In March, university officials reversed themselves, acknowledging that special consent forms were needed.

An associate dean offered books of Post-its as prizes for the first six student teachers who turned in consent forms.

The Post-its did not turn the tide.

Jerri Willett, the chairwoman of the department of teacher education and curriculum studies, said because it was a pilot program, it had taken time to develop procedures. She said officials were meeting to develop a statewide policy for confidentiality and consent.

Asked why so many students had refused to take part, Ms. Willett said they may have felt “forced” by faculty members. (None of those who posed for a photograph or were interviewed by this reporter said they had felt pressured.)

While Massachusetts has not made a decision about whether to require the Teacher Performance Assessment, six states — New York, Illinois, Minnesota, Ohio, Tennessee and Washington — have committed to adopting it in the next few years.

Ms. Willett said the education reform movement had been highly critical of teacher education programs, complaining that not enough weak candidates were being eliminated. An independent measure should reassure the public, she said.

She is one of hundreds of educators who have been consulted by Stanford to develop the new assessment. The 40-page test requires student teachers to submit several lesson plans and explain how they measure learning and adapt lessons to their special-needs students. “Until now we’ve assessed what students know about teaching,” she said. “This assesses teaching.”

Raymond Pecheone, a Stanford professor, said he had worked closely with Pearson to ensure extensive confidentiality protections. He said the student videos can’t be downloaded or duplicated by scorers, nor used for marketing and promotion or training teachers.

Pearson plans to hold onto the videos for up to two years in case there are legal challenges, he said.

Mr. Pecheone said Pearson, which describes itself as the biggest education company in North America, was one of six to bid to work with Stanford. Pearson was chosen in part because it was the only company willing to provide enough seed money for a nationwide pilot program. “We needed an operating partner,” he said.

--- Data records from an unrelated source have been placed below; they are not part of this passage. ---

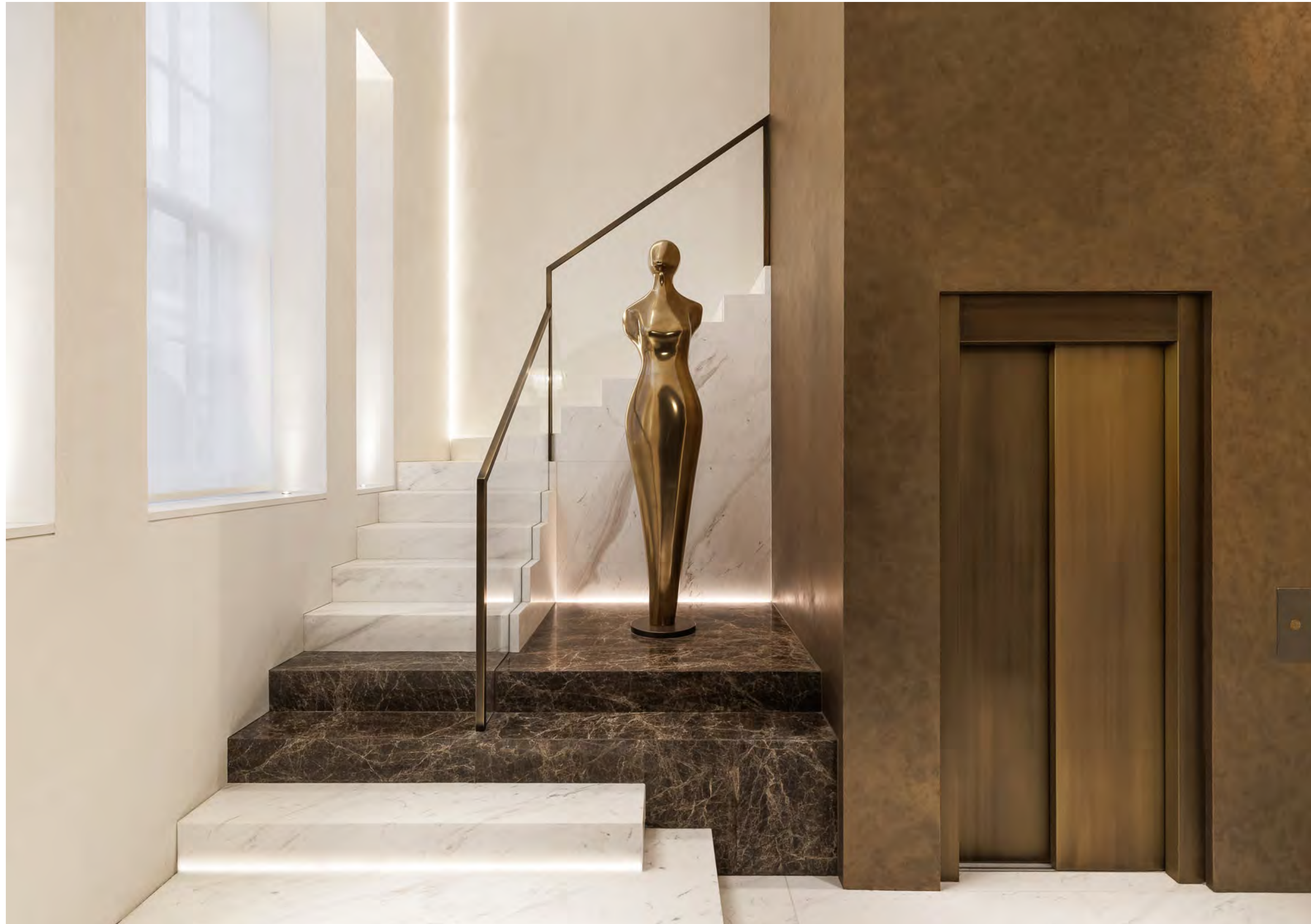
ENTRANCE HALL Ground Floor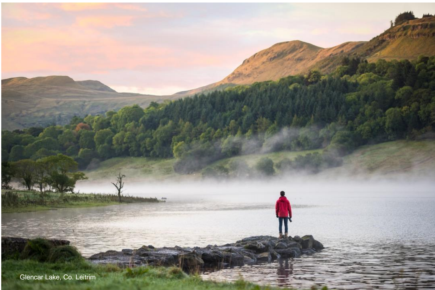
Glencar Lake, Co. Leitrim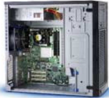
Intel® Entry Server Chassis SC5250-E

Intel® PRO Server Adapters , including Gigabit Ethernet server adapters, help to reduce bottlenecks and boost availability with industry-leading performance and advanced server features.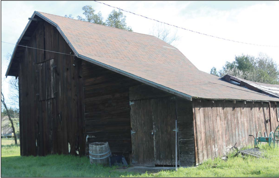
Figure 79: West and south elevations, gambrel section and shed wing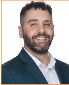
Director of Equity & Business Development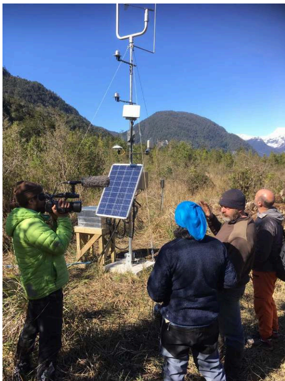
Illustration 4. Mountain areas as a location for educational training; students and professors are informed of the infrastructure of the Patagonia-Exploradores scientific station of the Catholic University of Chile, in 2019.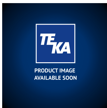
Dust collection bin incl. lid and clamping ring Product No.: 95202003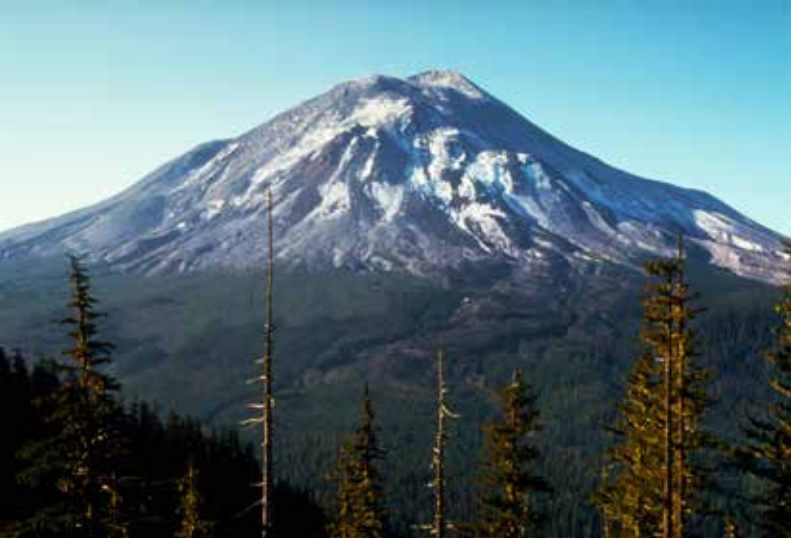
Mount Saint Helens one day prior to the eruption.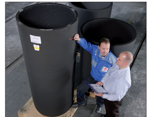
Tailor made crucibles are available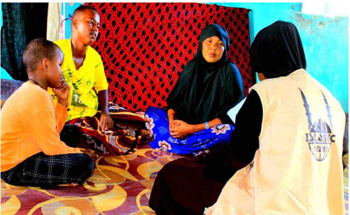
Orphan's home visit and assessment in Hargeisa, Somaliland.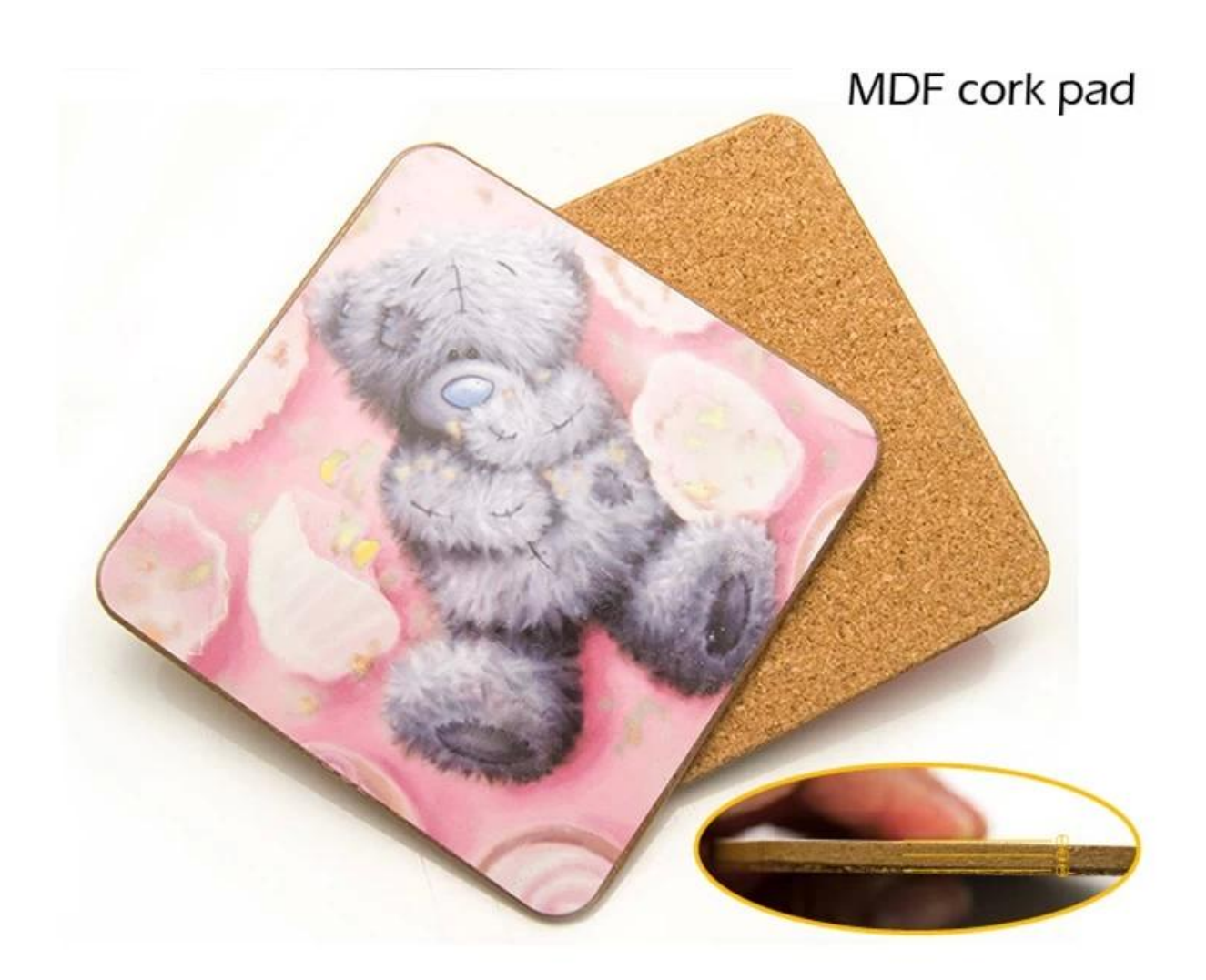
MDF cork pad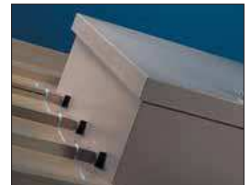
Curb Modification for Metal Buildings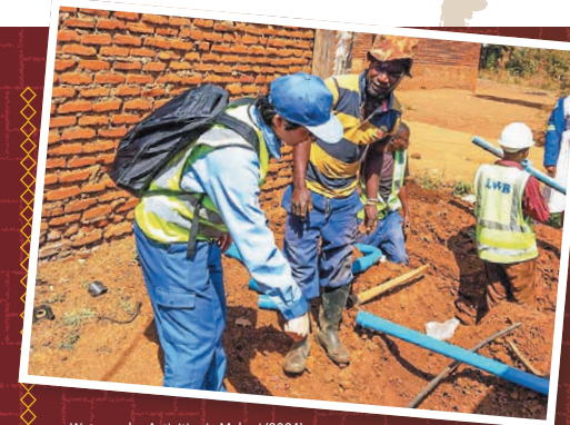
Waterworks: Activities in Malawi (2024)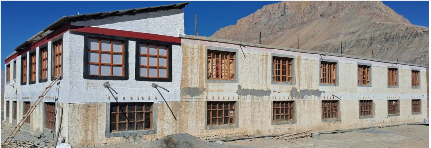
Our Rewa Buddhist Model School continues to be upgraded

The children of Rewa Buddhist Model School are now benefitting from an extension to their classroom block, a study space which admits as much sunlight as possible and thereby gives a warm place to work in the daytime. While higher altitude air can be thin and chill, lower latitude sunshine can be powerful in that thin air. Rewa is the school where most running costs and improvements are funded by Tibethilfe Niederösterreich (Austria). Our society is extremely grateful to them. ༄ེ

In states that choose Pearson-Stanford to manage the licensing, student teachers are expected to pay the company up to $300 apiece.

Washington State will require teaching candidates to pass the assessment next year. Wayne Au, a University of Washington professor, said based on the pilot, this approach was a considerably more sophisticated measure than traditional standardized tests. But because it is a mass-produced assessment, he said, students have already learned to manipulate it. “Their answers are shaped by what the test requires,” he said. “They’re not expressing who they are as teachers. It will do bad things.”

In New York, Pearson will be able to test a teacher’s worth from start to finish. The company currently administers the test students must pass to be admitted to a teaching program and is developing the testing system that will be used to calculate each teacher’s annual performance score.

How much impact any of this will have on teacher quality is debatable. California has had a performance assessment program in place for 10 years. According to Mr. Pecheone, 10 to 15 percent fail to get their license on the first try. When students retake the test, he said, only 1 to 2 percent fail to get a license.

At UMass, 1 to 2 percent of student teachers are weeded out of the program each year, according to Ms. Willett.

As for the idea that having an independent licensing test like California’s will improve the public’s opinion of teachers — no way. Politicians and businesspeople bash teachers in sunny California as much as they do in cloudy states. There is a whole education industry that is flourishing because it is built on the denigration of public schoolteachers.